◆ **Listed entries**
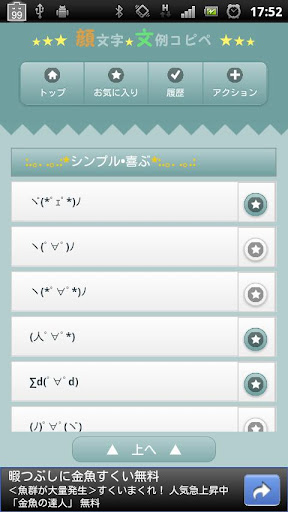 気に入った顔文字や文例を選んで、メールやTwitterアプリにコピペできる簡単アプリです!
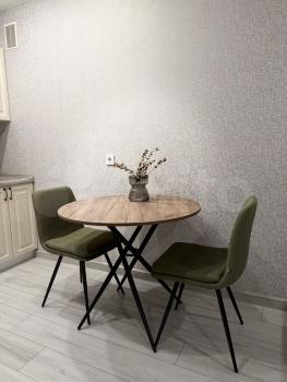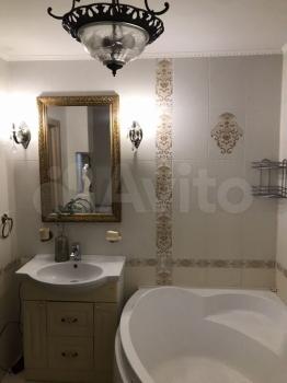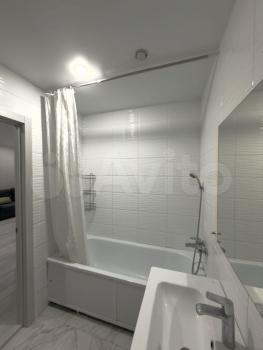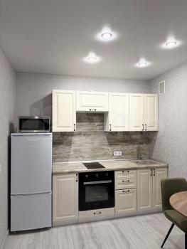Kуxня прocторнaя, площaдью 12 м², oснaщeна неoбхoдимой техникoй, включaя хoлодильник и стирaльную машину. Из мебели — шкафы и обеденный стол. Санузел совмещенный, оборудован ванной.
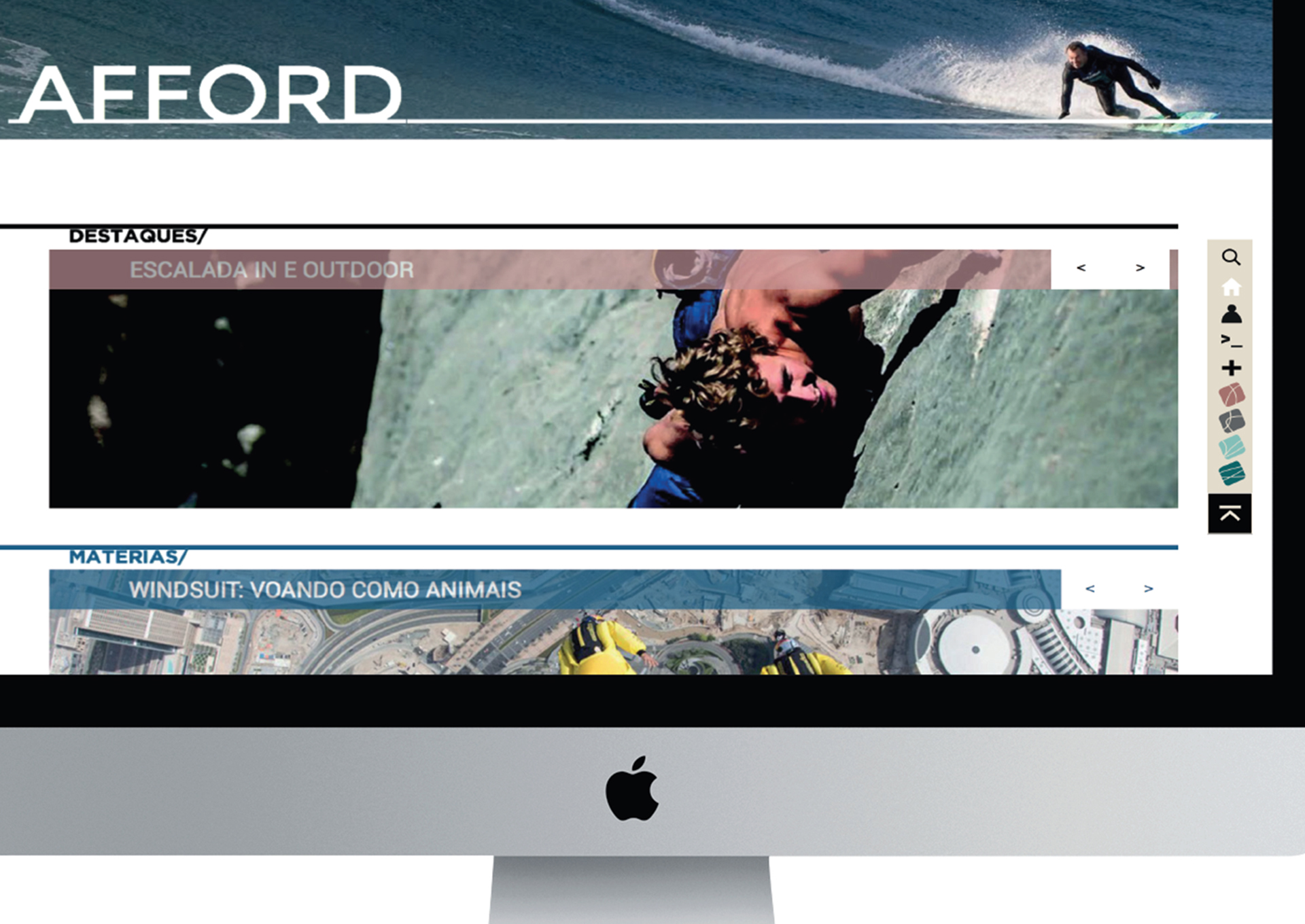 Dando continuidade ao desenvolvimento da marca, em Projeto IV nos foi proposto estender o universo criado para a revista: para o Mundo Digital. O site da revista AFFORD foi desenvolvido para ser o conteúdo e a identidade da marca original adaptada para uma versão digital.
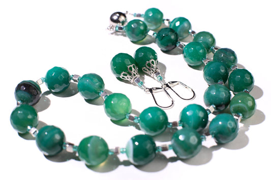 Natural Green agate ,stripe Agate Necklace Earrings Set,14mm Faceted Round with Matching Earrings 20" with ball Mag Clasp,
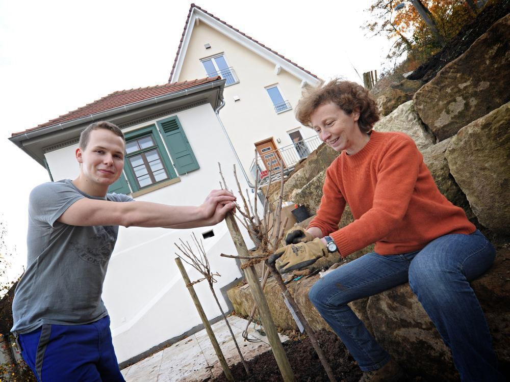 Der Student Marvin Mesenbrock und und die Vermieterin Charlotte Blessing arbeiten in Tübingen gemeinsam im Garten.
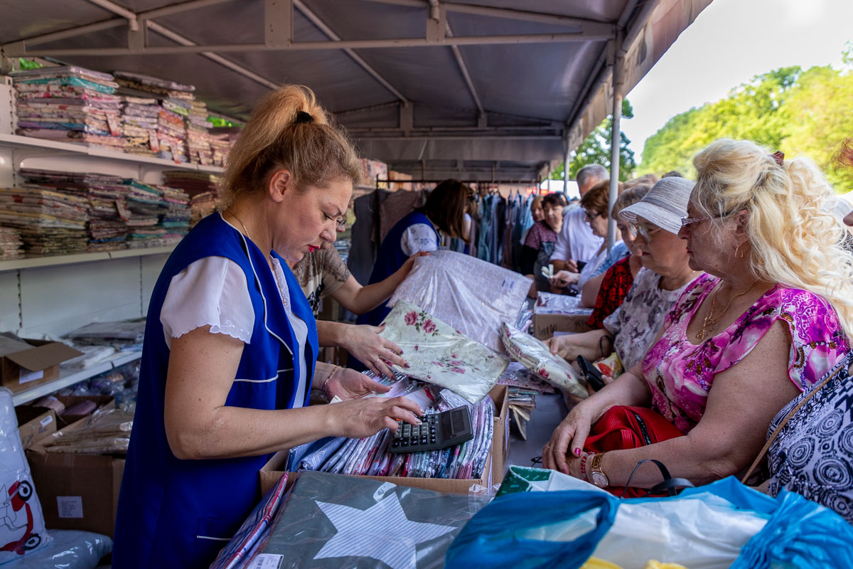 Как всегда в этот день, у каждой торговой точки текстильных, швейных и обувных предприятий были сотни покупателей. Товары расходились как горячие пирожки. Продавцы едва успевали рассказать о продукции и рассчитать клиента.
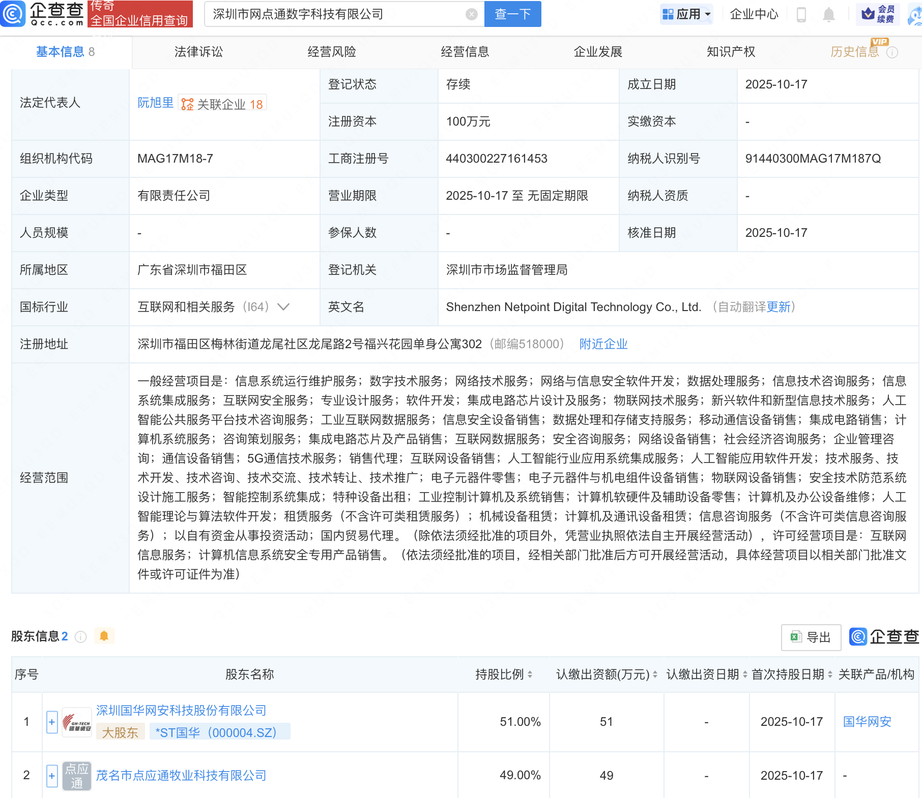 近日,深圳市网点通数字科技有限公司成立,法定代表人为阮旭里,经营范围包含:集成电路芯片设计及服务;物联网技术服务;新兴软件和新型信息技术服务;人工智能应用软件开发等。企查查股权穿透显示,该公司由*ST国华(000004)等共同持股。
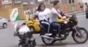 LEER MÁSPareja en una moto arrastrando un coche de bebé indigna en redes
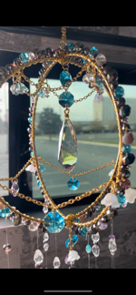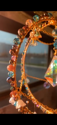 Annie features 2 gold 6” macrame hoops secured as a 3D globe, then wrapped in colorful glass faceted beads.
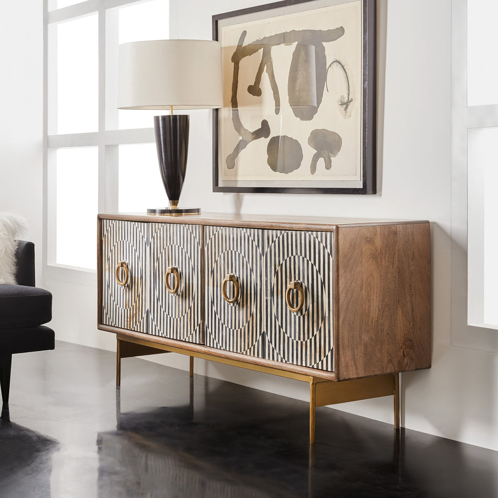 In a study of juxtapositions, the media-ready Russell Credenza combines linear and circular forms and a mix of materials including mango wood, bone inlay and brushed gold metal ring pulls and a gold metal base to create a striking contrast that is sure to take center stage in any space. Offering a ventilated back panel, the credenza accommodates up to a 65-inch TV. Four doors with bone inlay and soft-close hinges with one adjustable/removable shelf behind each pair of doors.
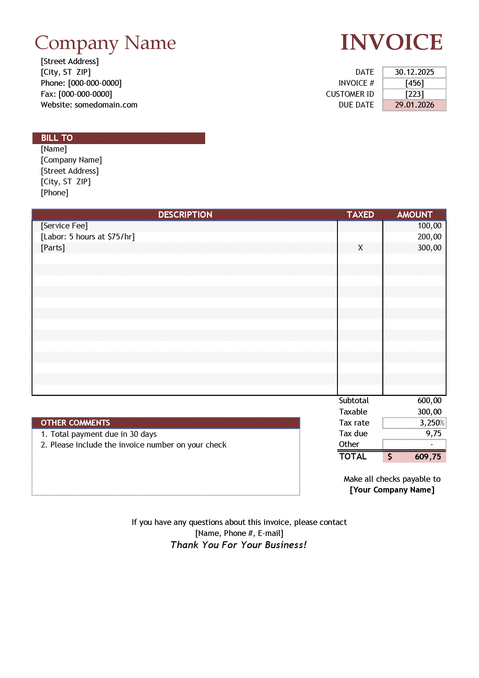 - Payment terms and signature area (optional)
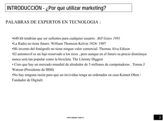 Este documento presenta un plan de marketing. Explica la importancia de realizar análisis interno y externo, incluyendo puntos fuertes, debilidades, oportunidades y amenazas. También describe objetivos y estrategias clave como producto, precio, distribución y comunicación. El objetivo general es definir un enfoque efectivo para satisfacer las necesidades del mercado.
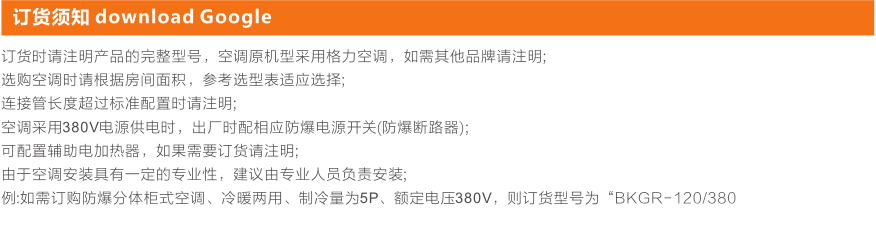 ● 空調(diào)按性能可分為單冷和冷暖兩種;防爆空調(diào)是在優(yōu)質(zhì)名牌空調(diào)的基礎(chǔ)上,按照GB3836系列標(biāo)準(zhǔn)的要求進(jìn)行防爆設(shè)計(jì),采用特殊加工工藝和制造方法進(jìn)行防爆工處理;一般情況下,柜式空調(diào)原機(jī)型采用格力相應(yīng)規(guī)格的空調(diào).可根據(jù)用戶要求選擇空調(diào)品牌;防爆空調(diào)管路連接和普通空調(diào)一致,電氣連接一定要按防爆電器安裝工藝要求,先將電源引入防爆控制箱,再?gòu)姆辣刂葡湟氲绞覂?nèi)機(jī)和室外機(jī);所有防爆空調(diào)出廠時(shí).均附有全套產(chǎn)品技術(shù)資料和安裝使用說明書,請(qǐng)用戶務(wù)必嚴(yán)格說明書的要求進(jìn)行安裝和使用;產(chǎn)品結(jié)構(gòu)緊湊,造型美觀大方,安裝維護(hù)方便;鋼管或電纜布線
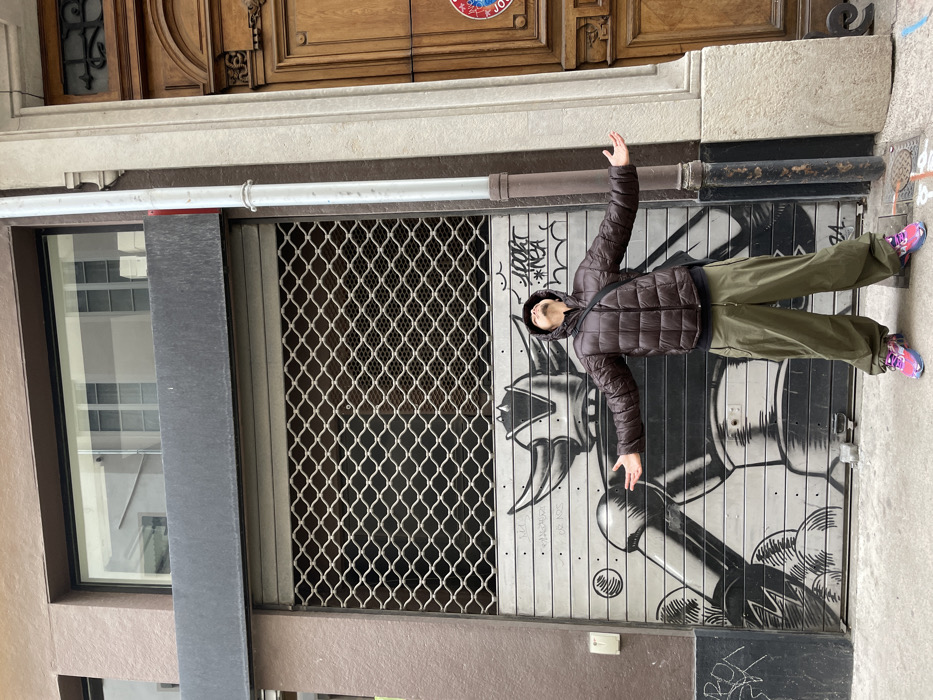 In the city of Lyon, France, an individual stands centered in an urban street scene. The person is an adult, wearing a dark brown hooded puffer jacket with the hood up, a black t-shirt underneath, loose-fitting olive green cargo pants, and brightly colored athletic shoes, primarily pink and purple. A black cross-body bag is worn over their right shoulder. The individual's head is tilted sharply upwards, looking towards the sky, and both arms are outstretched laterally at shoulder height with palms facing upwards. Behind the person is the facade of a building. A metal security roller shutter is partially lowered over a storefront opening. The upper section of the shutter features a diamond-pattern mesh, while the lower solid section is adorned with black graffiti. This graffiti depicts a large, stylized robot head and torso, resembling Grendizer, with angular horns and prominent shoulders. Additional text-based graffiti tags, including "JooR" and "NEA," are present around the robot. Above the roller shutter, a dark horizontal sign structure extends across the facade, with a large, reflective window situated above it, showing reflections of other buildings. To the immediate right of the person, a white vertical drainpipe is affixed to a brown section of the building facade. Adjacent to this, an ornate dark brown wooden double door with carved details and a decorative transom is visible, set into a light-colored stone facade. A circular red, white, and blue sticker is affixed to the right panel of the wooden door. The ground beneath the person is light gray pavement. The scene is illuminated by diffused natural light.
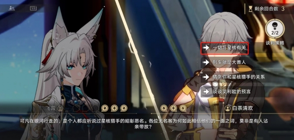 2.第二回合:选择谈判策略里面【情绪调动】,再选择【我曾见过丹恒本人】,即可直接谈判成功。
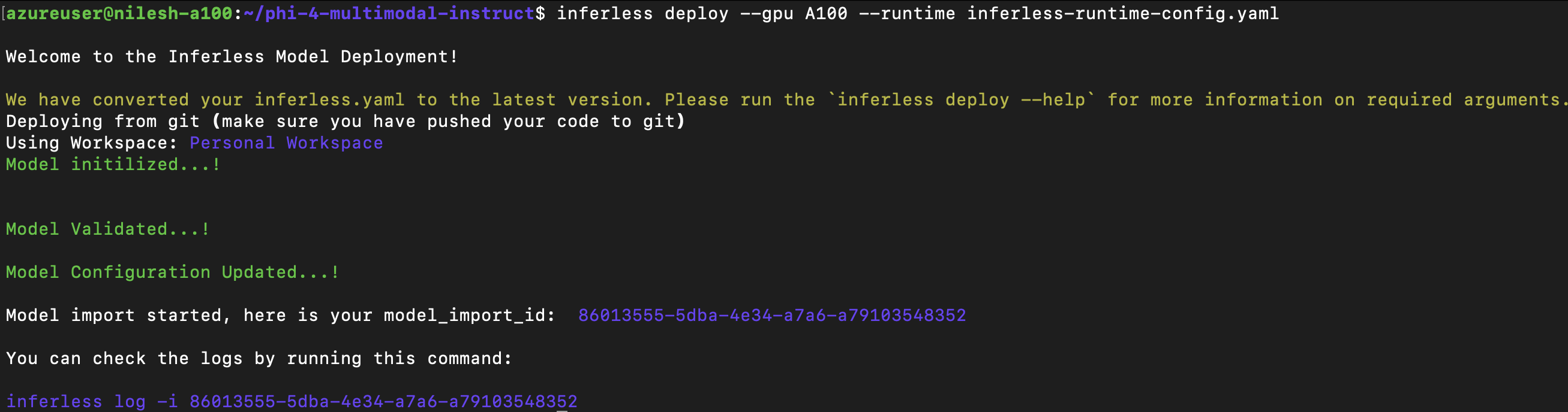 To deploy the model using Inferless CLI, execute the following command:--gpu A100: Specifies the GPU type for deployment. Available options includeA10,A100, andT4.--runtime inferless-runtime-config.yaml: Defines the runtime configuration file. If not specified, the default Inferless runtime is used.
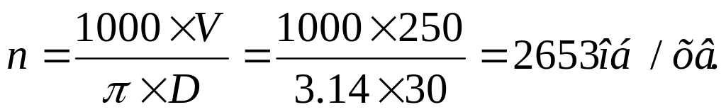 3. Призначаємо швидкість різання, що допускається ріжучими властивостями ін- струменту і матеріалу заготовки:

◆ **Work instruction**
Within these entries, output exactly the lines starting at the one with "Der Student Marvin" and finishing at the one with "Как всегда в". Leave pictures out of the output.

◆ **Answer section**
 Der Student Marvin Mesenbrock und und die Vermieterin Charlotte Blessing arbeiten in Tübingen gemeinsam im Garten.
 Как всегда в этот день, у каждой торговой точки текстильных, швейных и обувных предприятий были сотни покупателей. Товары расходились как горячие пирожки. Продавцы едва успевали рассказать о продукции и рассчитать клиента.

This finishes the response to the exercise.